CNVs were identified and analyzed using whole genome oligonucleotide microarrays (customized SignatureChipOS v2 and v3 with 135,000 probes from Roche NimbleGen, Madison, WI, USA and customized SignatureChipOS v1 and v4 with 105,000 probes from Agilent Technologies, Santa Clara, CA, USA) and validated by fluorescence in situ hybridization as described previously [30, 56, 57]. CNV calls were subjected to quality-control filtering to remove false positive and non-specific detections, technical artifacts, calls due to reference CNVs, and variants embedded within complex segmental duplications (Fig. 1). Rare CNVs were filtered to include only those ranging between 50 kbp and 30 Mbp and occurring at <0.1 % frequency compared to 8,329 controls [30, 56]. Further filtering was applied to include only those CNVs with <50 % overlap with segmental duplications and <10 % overlap with a list of CNV artifacts curated from previous studies (Additional file 1: Table S2). Due to lack of control data on sex chromosomes, only autosomal CNVs were considered. After quality control, 8,373 individuals with features of autism and/or ID/DD carrying rare CNVs were available for analysis. This group included recently published individuals with CNVs mapping within the 72 chromosomal regions associated with genomic disorders [56]; their phenotypic data were also included for this analysis. The genomic disorder CNVs were classified into those that are mostly de novo in occurrence and resulting in a typical constellation of clinical features (syndromes) and those that are often inherited and associated with various neurodevelopmental phenotypes including autism, schizophrenia, ID/DD, and epilepsy (variable expressivity) as described previously [56]. For replication of results obtained from the Signature cohort, we also utilized CNV data from individuals with autism from two independently ascertained cohorts: the Simons Simplex Collection (1,124 children) [19] and the Childhood Autism Risks from Genetics and Environment (CHARGE) study (272 children with autism and 242 typically developing controls) [42].

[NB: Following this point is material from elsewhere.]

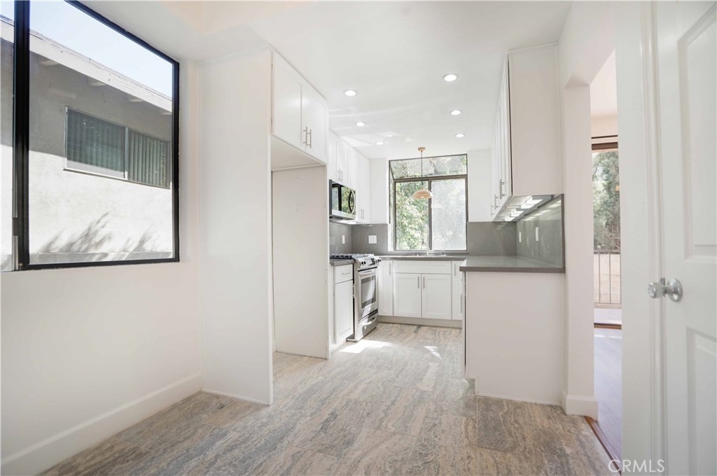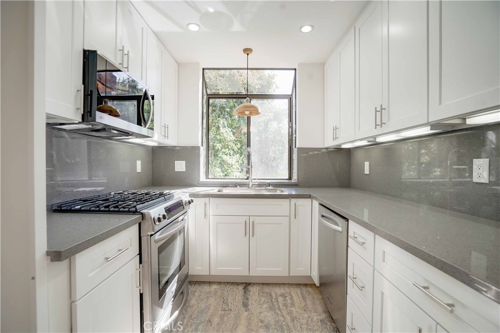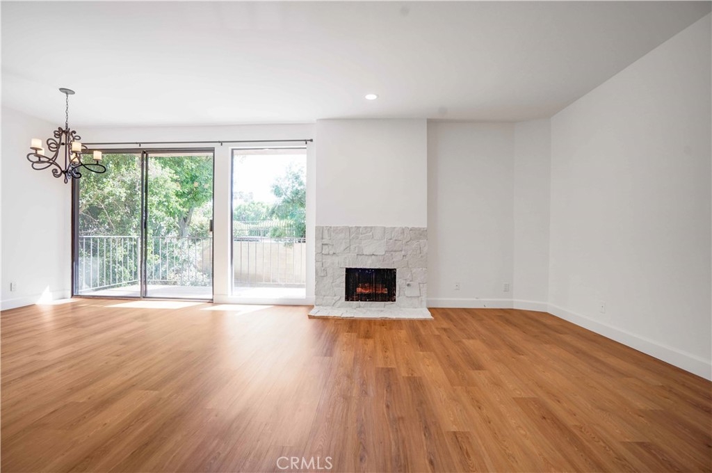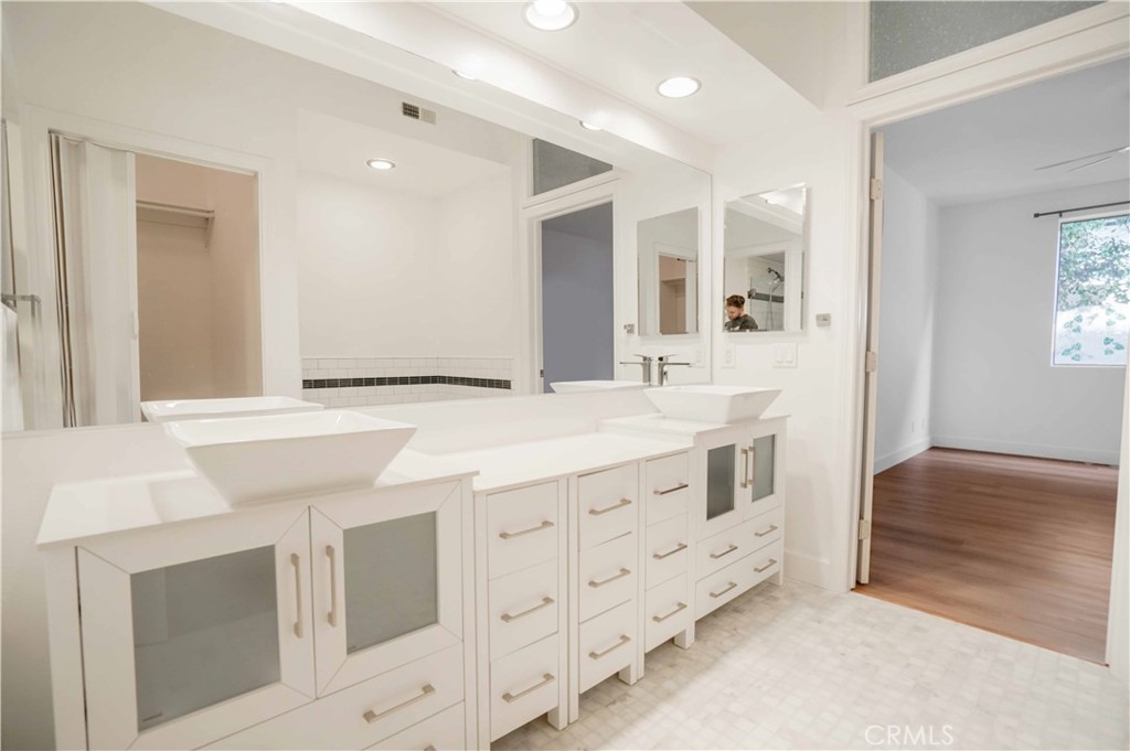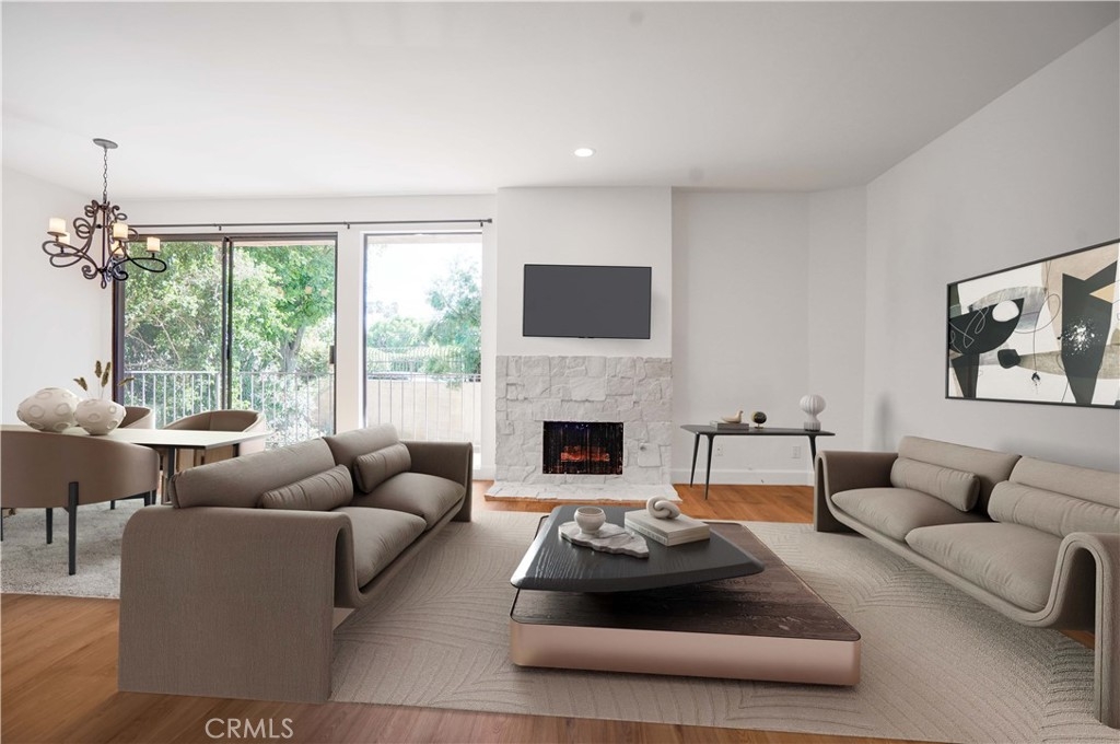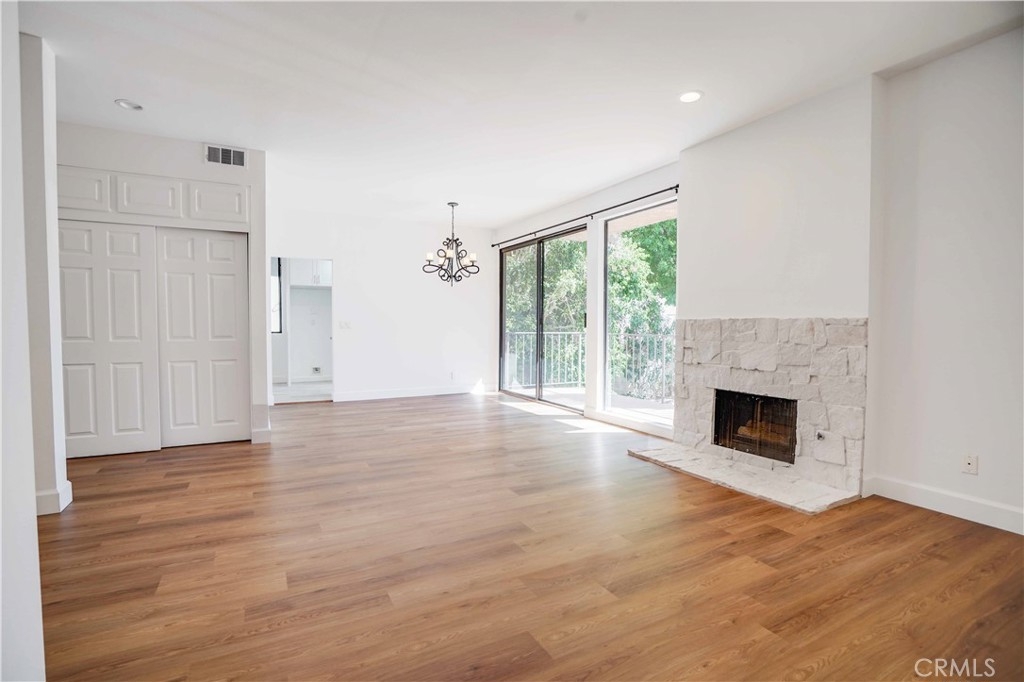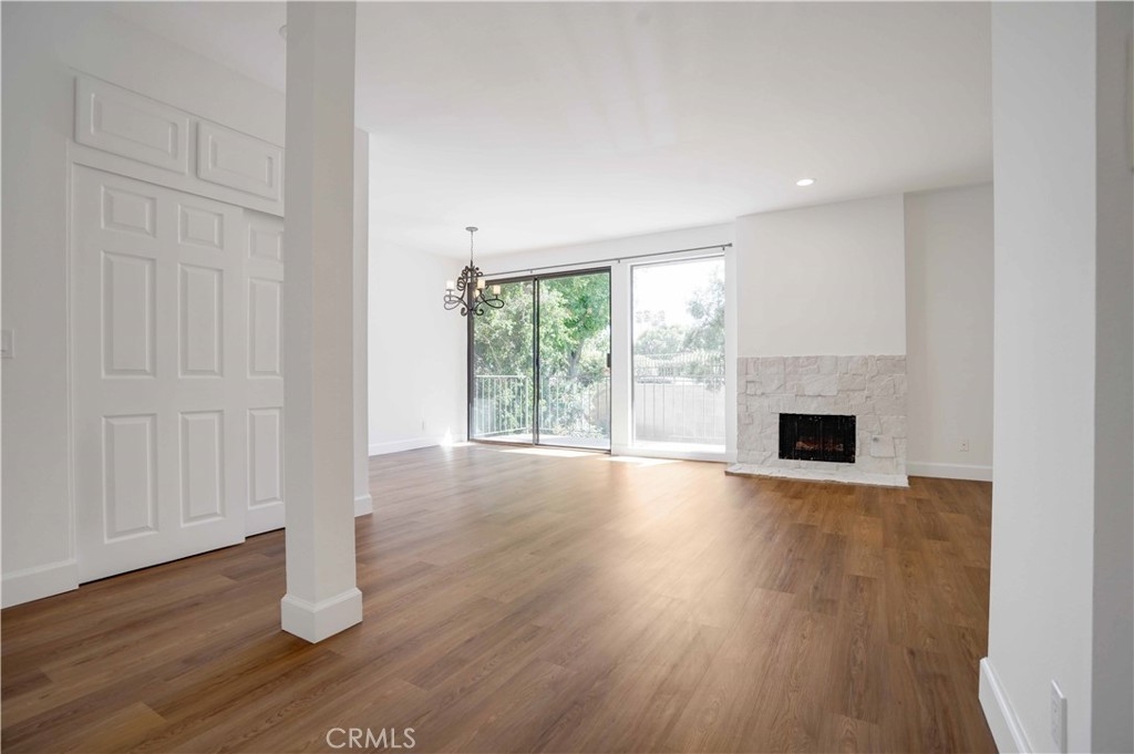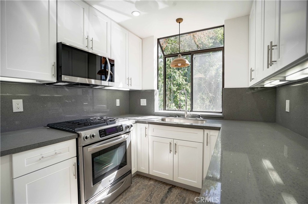 This gleaming newly updated single story condo is set above the ground level in sought after Tarzana in a great location is ready to move into. Features include luxury scratch-resistant engineered wood- like flooring that runs throughout the freshly painted interior with smooth high ceilings, recessed lights, raised panel doors, & upgraded light switches. As you enter the bright living room your eye is drawn to the patio balcony and view beyond accessed through large sliding doors which serve the living room and formal dining area. A newly refaced limestone fireplace warms these main living areas. The dine in kitchen features new white cabinetry with self-closing hinges, gray quartz counters, stainless steel Kitchenaid 4 burner gas stove with upper microwave and exhaust fan, kitchenaid dishwasher, stainless steel farm sink with pot filler faucet, garden window, & a large laundry room with upper cabinets. Down the wide hall to the main bathroom with a tub/shower combo, & new white vanity with engineered marble countertop. Adjacent to that is a secondary bedroom that faces east w/lg window & mirrored closet. The ensuite primary bedroom also faces east and has a spa-like attached bathroom complete with walk in closet w/ built ins, a tub, separate walk in shower w/glass doors + a bench seat & new white vanity cabinets w/dbl. raised modern sinks & engineered marble countertop. This is a security complex w/18 units, locked main door entrance, gated parking with two tandem spots, apx. 4 guest spaces, storage, community room, & central courtyard. All the great shopping is within walking distance!

CNV burden was calculated as the population frequency of the largest CNV and plotted as a survivor function [58]. The population frequencies of the largest CNV at a given size threshold (≥1 Mbp, ≥1.5 Mbp, ≥2 Mbp) were compared with different combinations of comorbid features associated with autism or ID/DD disorders using Fisher’s exact test. One-tailed P values were used to determine significance for all statistical tests of comparison. A list of all rare CNV calls analyzed in this study is given in Additional file 1: Table S3. Rare CNV data used in this study were also deposited into dbVar (accession number: nstd113). Comprehensive tables including all statistical analyses (one-tailed and two-tailed P values) and their corresponding Bonferroni multiple testing corrections are included as Additional file 1: Tables S4-S8.

Results

We analyzed clinical and CNV data from 54,370 individuals that were referred to Signature Genomic Laboratories for genetic testing by array CGH. Using keyword searches of physician-reported clinical indications, we identified 32,155 individuals with features of autism or ID/DD with or without comorbid features. Figure 1 shows a breakdown of the number of boys and girls with features of autism (n = 5,872) or ID/DD (n = 28,553), with 2,270 individuals manifesting both autism and ID/DD. From this cohort, 1,368 individuals carried rare CNVs associated with genomic disorders that were either syndromic or variable in clinical presentation [56], and 8,373 individuals carried rare CNVs seen in less than 0.1 % (<8/8,329) of the control population.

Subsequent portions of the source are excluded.